Data provided
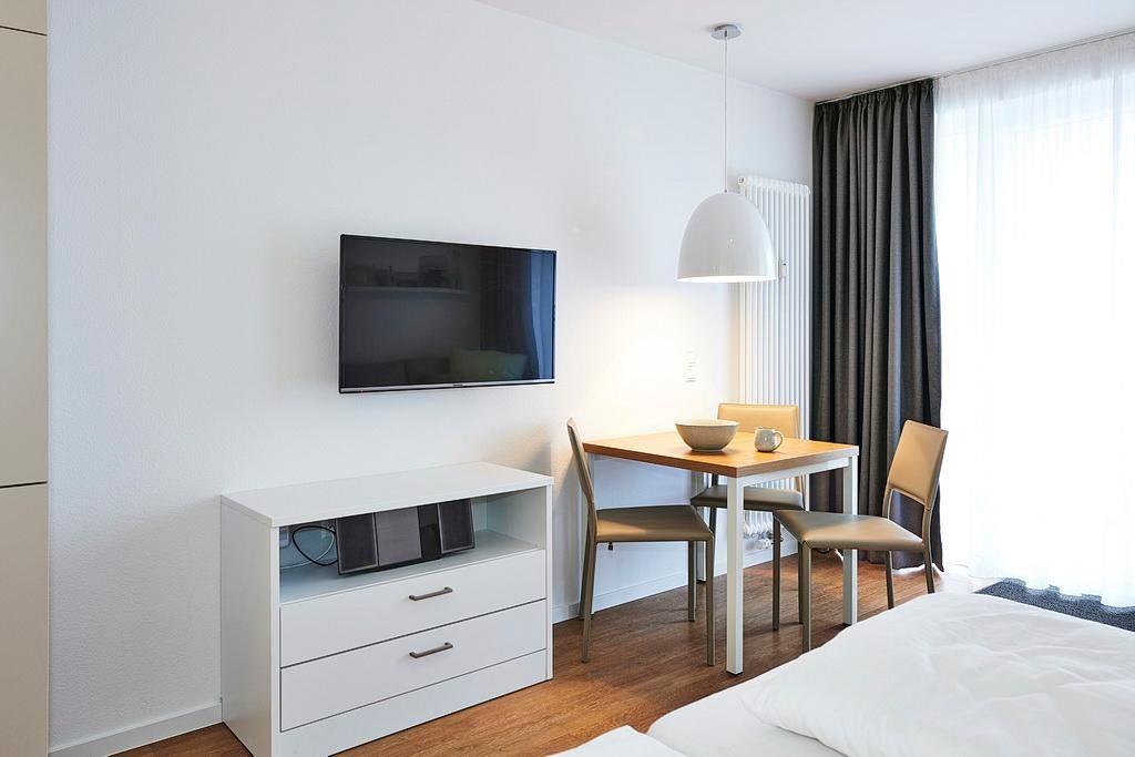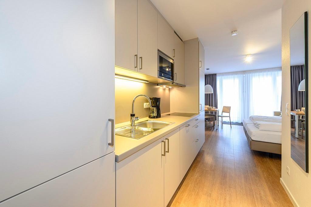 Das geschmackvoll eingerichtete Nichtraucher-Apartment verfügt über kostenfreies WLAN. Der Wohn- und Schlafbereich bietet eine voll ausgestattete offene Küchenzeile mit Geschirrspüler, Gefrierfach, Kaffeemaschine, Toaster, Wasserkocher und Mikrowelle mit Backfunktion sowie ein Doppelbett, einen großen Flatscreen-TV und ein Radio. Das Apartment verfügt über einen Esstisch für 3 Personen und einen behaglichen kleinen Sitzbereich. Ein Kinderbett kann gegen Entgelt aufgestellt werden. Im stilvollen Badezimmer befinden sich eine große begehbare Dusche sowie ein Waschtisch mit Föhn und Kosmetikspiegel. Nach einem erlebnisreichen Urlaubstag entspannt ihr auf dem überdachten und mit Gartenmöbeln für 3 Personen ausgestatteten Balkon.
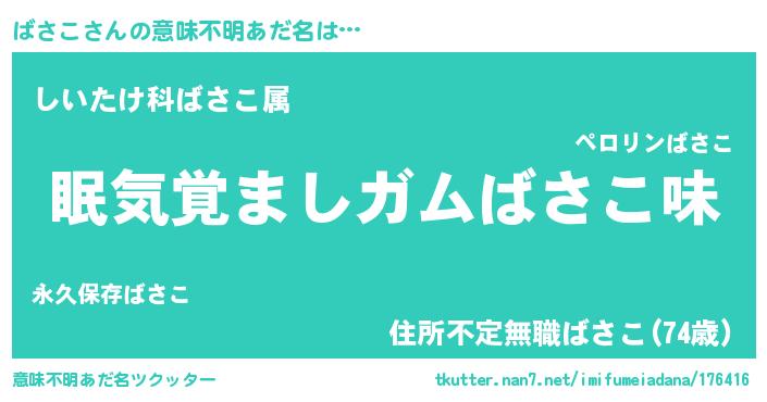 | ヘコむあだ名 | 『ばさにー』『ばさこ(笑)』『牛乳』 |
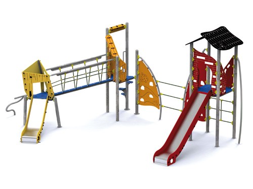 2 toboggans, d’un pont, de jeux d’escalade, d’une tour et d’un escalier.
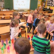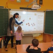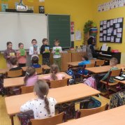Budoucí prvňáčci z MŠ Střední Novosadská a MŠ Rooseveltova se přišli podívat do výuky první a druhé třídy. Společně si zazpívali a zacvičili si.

--

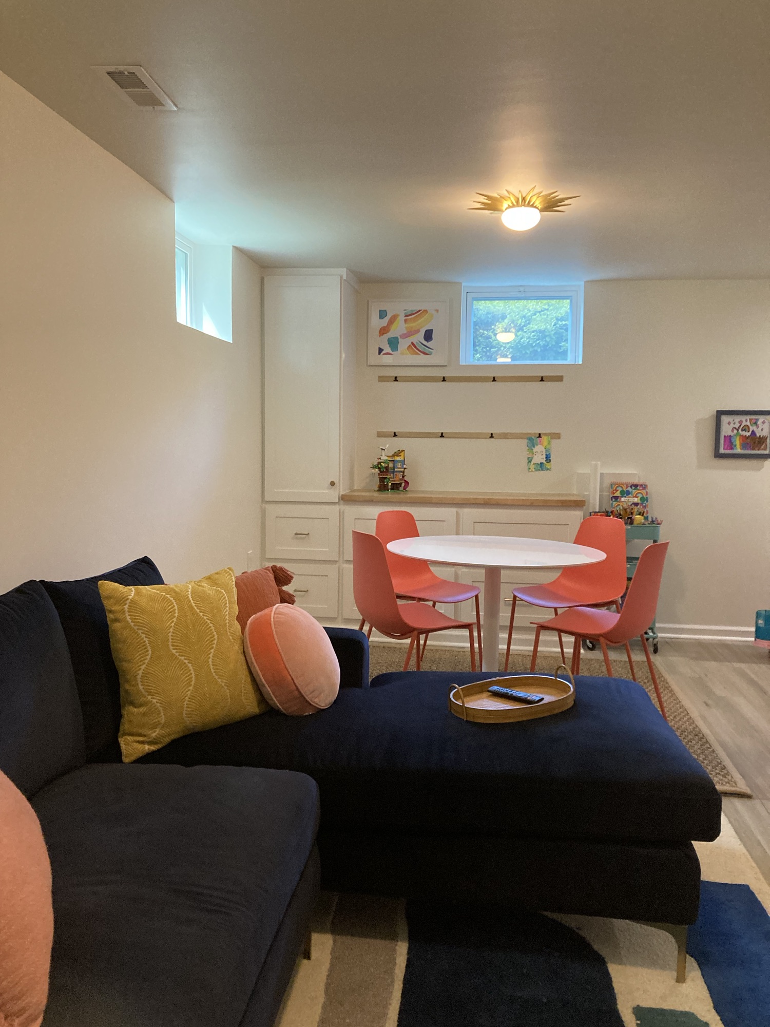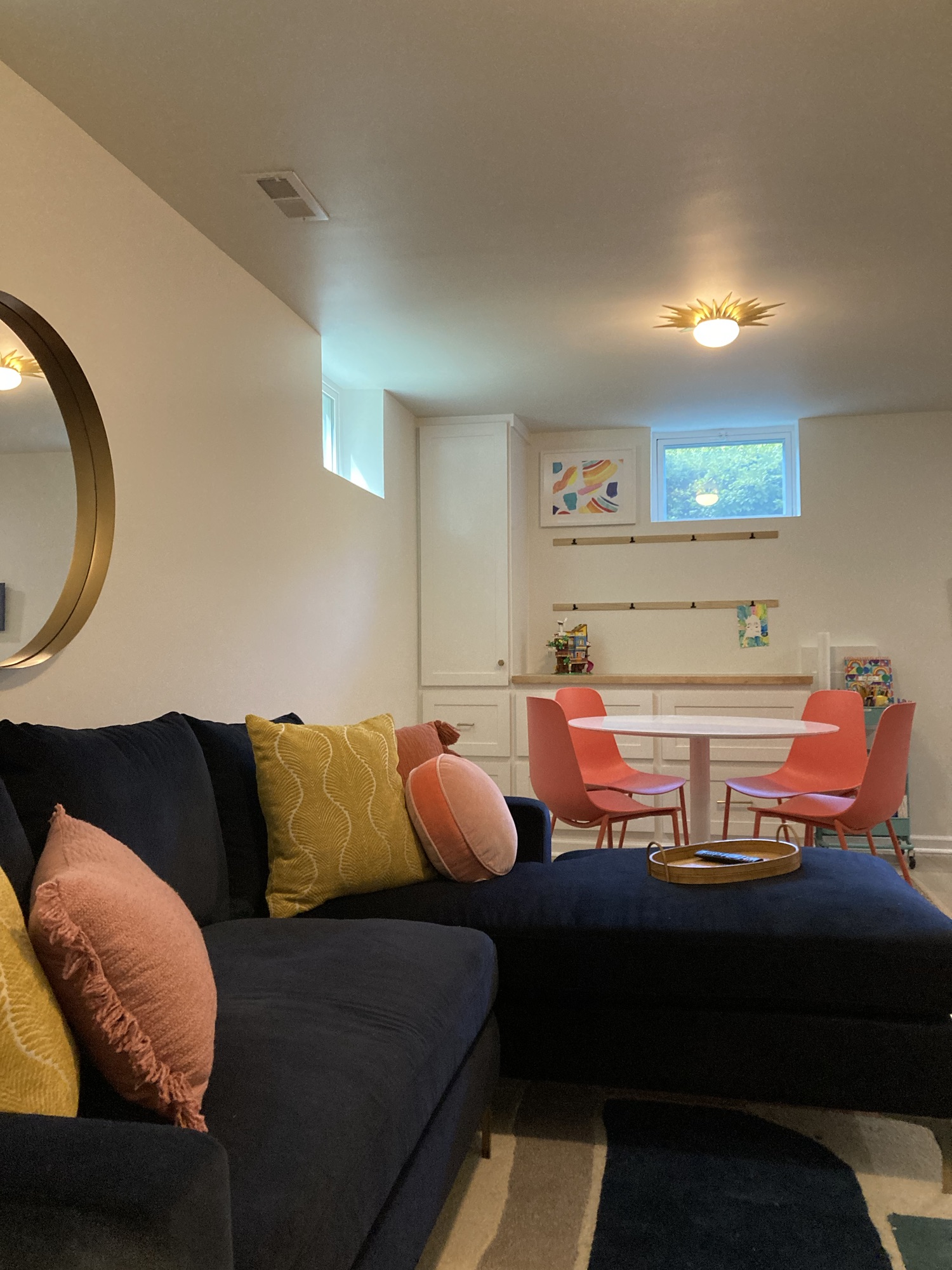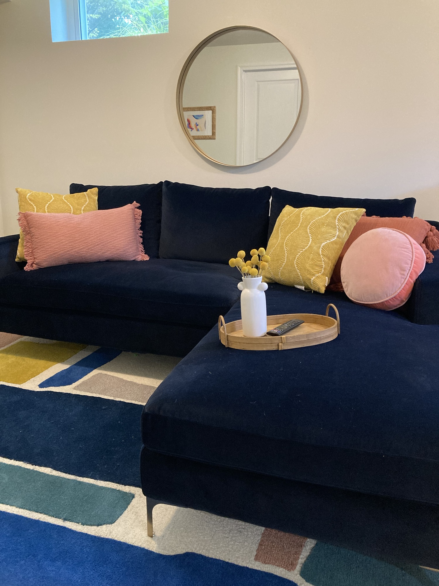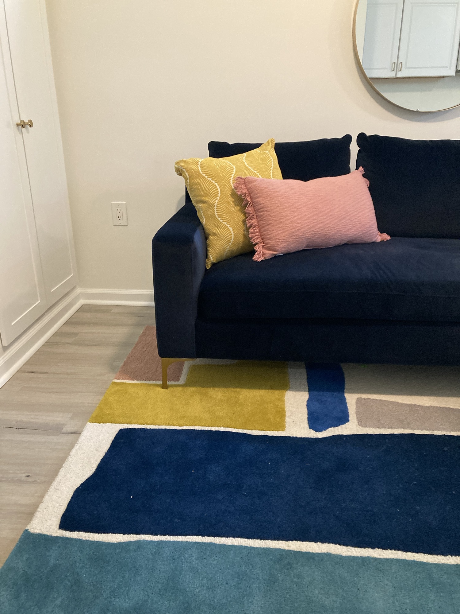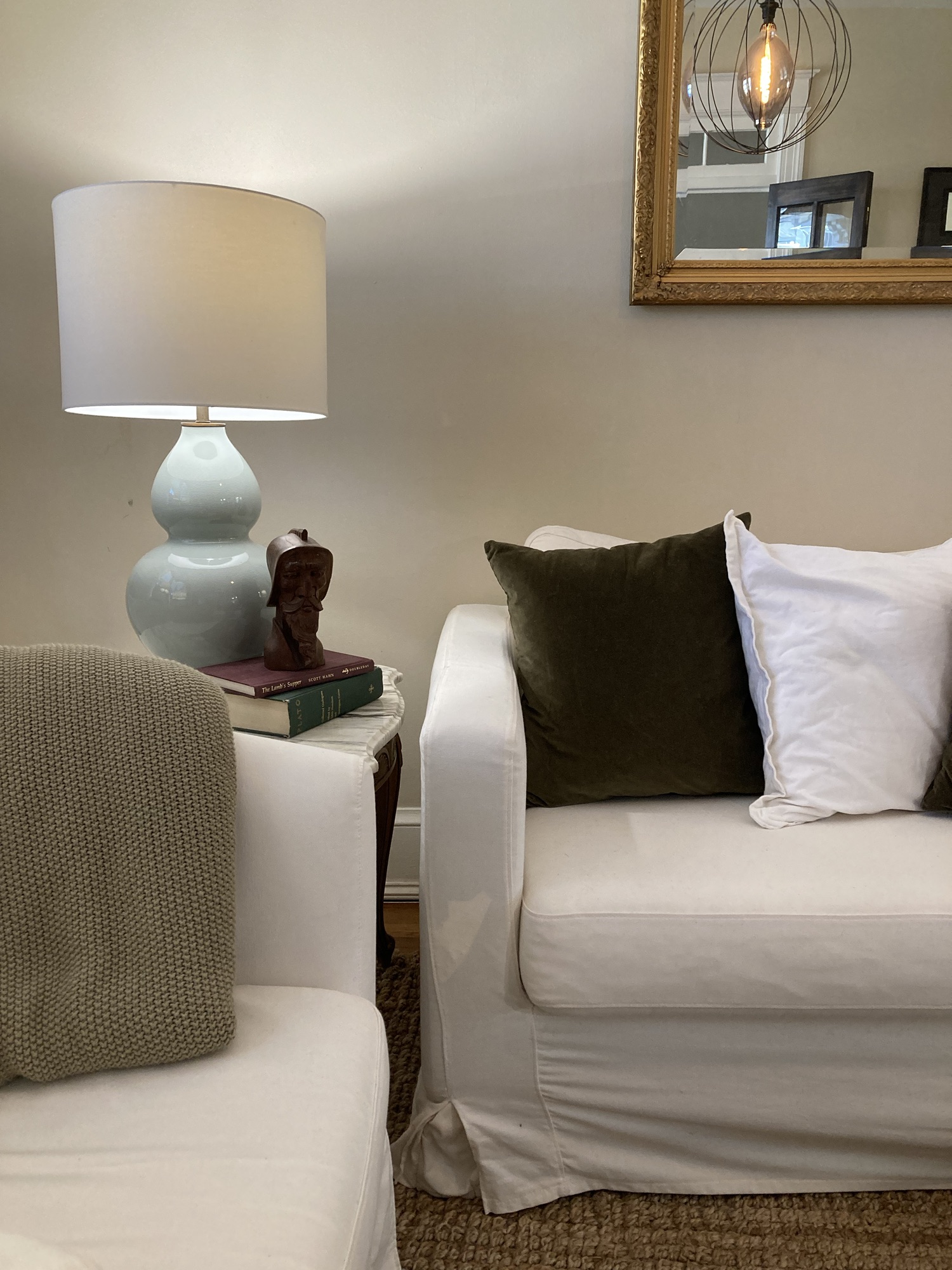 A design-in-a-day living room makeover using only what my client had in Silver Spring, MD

---

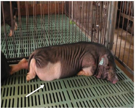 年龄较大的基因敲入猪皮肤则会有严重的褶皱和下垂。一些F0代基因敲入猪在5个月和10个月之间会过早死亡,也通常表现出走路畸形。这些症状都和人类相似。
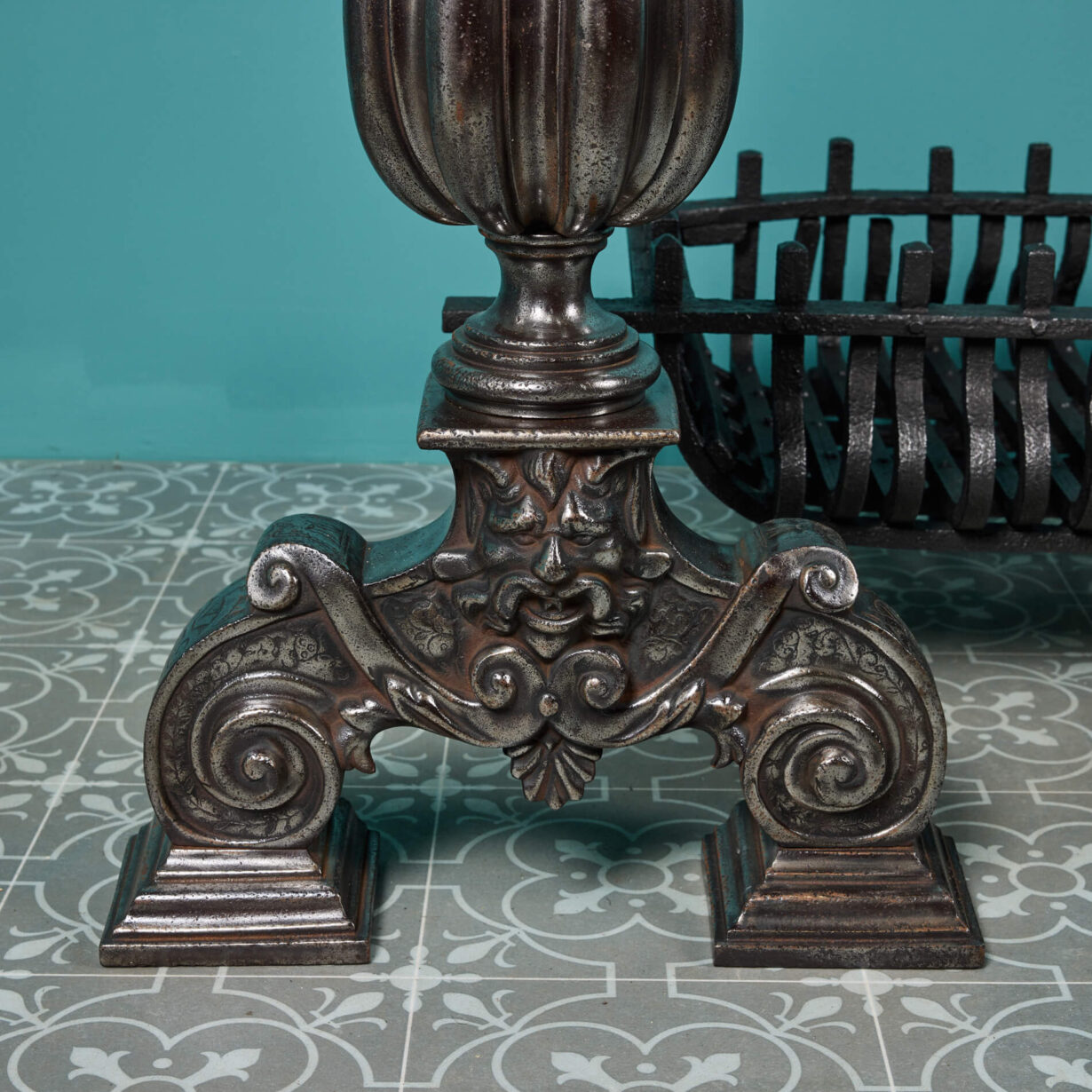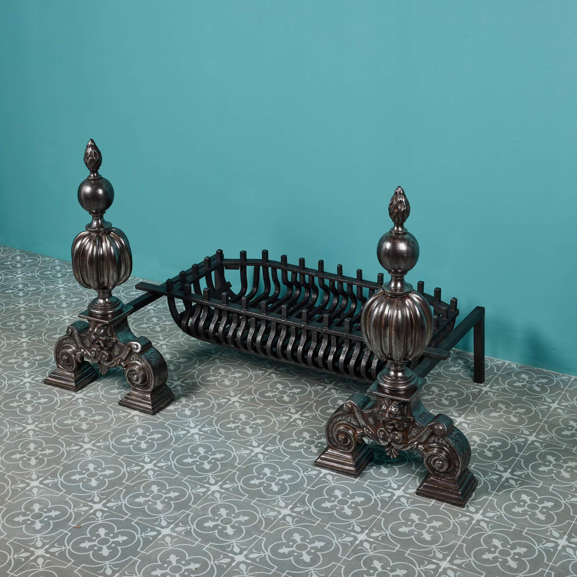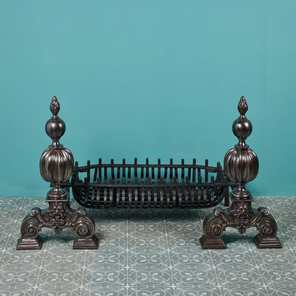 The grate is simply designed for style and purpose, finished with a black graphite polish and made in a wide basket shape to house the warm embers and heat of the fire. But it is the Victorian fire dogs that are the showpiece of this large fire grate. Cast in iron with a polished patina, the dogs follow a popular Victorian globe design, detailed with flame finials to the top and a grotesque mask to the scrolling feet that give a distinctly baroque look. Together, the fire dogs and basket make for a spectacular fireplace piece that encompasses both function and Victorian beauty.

Task item
Copy nothing but the lines above that run from the one with "2 toboggans, d’un" to the one with "Budoucí prvňáčci z", ends included; pictures stay out.

Response box
 2 toboggans, d’un pont, de jeux d’escalade, d’une tour et d’un escalier.
Budoucí prvňáčci z MŠ Střední Novosadská a MŠ Rooseveltova se přišli podívat do výuky první a druhé třídy. Společně si zazpívali a zacvičili si.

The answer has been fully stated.